A Single-User License Agreement
Forms often prohibit users from reversing engineering. It can also make it difficult to develop third-party software that interagulates with the licensed software, increasing the value of the vendor`s solutions by reducing customer choice. In the United States, the provisions of the EULA may prejudge self-engineering rights that are implied by fair dealing, for example. B Bowers v. Baystate Technologies. The question of whether shrinking film licenses are legally binding differs from jurisdiction to jurisdiction, although the majority of jurisdictions find such licenses enforceable. These include the disagreement between two U.S. jurisdictions in Klocek v. Gateway and Brower v. Gateway. In both cases, it was a welded license document provided by the online provider of a computer system.

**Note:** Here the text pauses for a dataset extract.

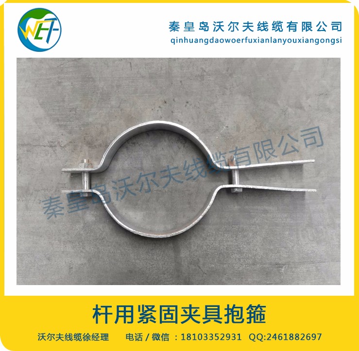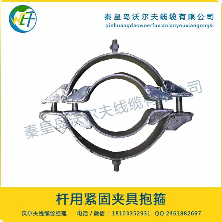 光缆紧固夹具产品简介:杆用紧固夹具(即光缆抱箍)一般和光缆耐张金具,光缆悬垂金具配套使用。根据光缆挂点处杆型设计的系列杆用紧固夹具,实现耐张线夹及悬垂线夹与杆塔的联接安装。?????????????????????????????????????????????

The terms of the welding license were not specified at the time of purchase, but were attached to the product shipped as a printed document. The license required the customer to return the product within a limited time if the license has not been concluded. In Brower, the New York State Court of Appeals ruled that the terms of the welded license document were enforceable, as the customer`s commitment not to return the goods within the 30 days indicated in the document was obvious. The U.S. District Court of Kansas in Klocek ruled that the sales contract was entered into at the time of the transaction and that the additional terms sent contained in a document similar to Brower`s did not constitute a contract, since the customer had never given their consent when the sales contract was concluded. A frequent criticism of end-user licensing agreements is that they are often far too long for users to have time to read them in depth. As of March 2012, the end-user PayPal license agreement was 36,275 words and by May 2011, the iTunes agreement was 56 pages long.  The message sources that reported these results stated that the vast majority of users do not read documents because of their length. In an article recently published by Kevin Litman-Navarro for the New York Times entitled We Read 150 Privacy Policies. They were an incomprehensible disaster, the complexity of 150 terms of popular sites like Facebook, Airbnb, etc., was analyzed and understood. As a result, for example, the majority of bachelor`s degrees require a university degree or higher: ”To succeed in university, people must understand texts with a score of 1300.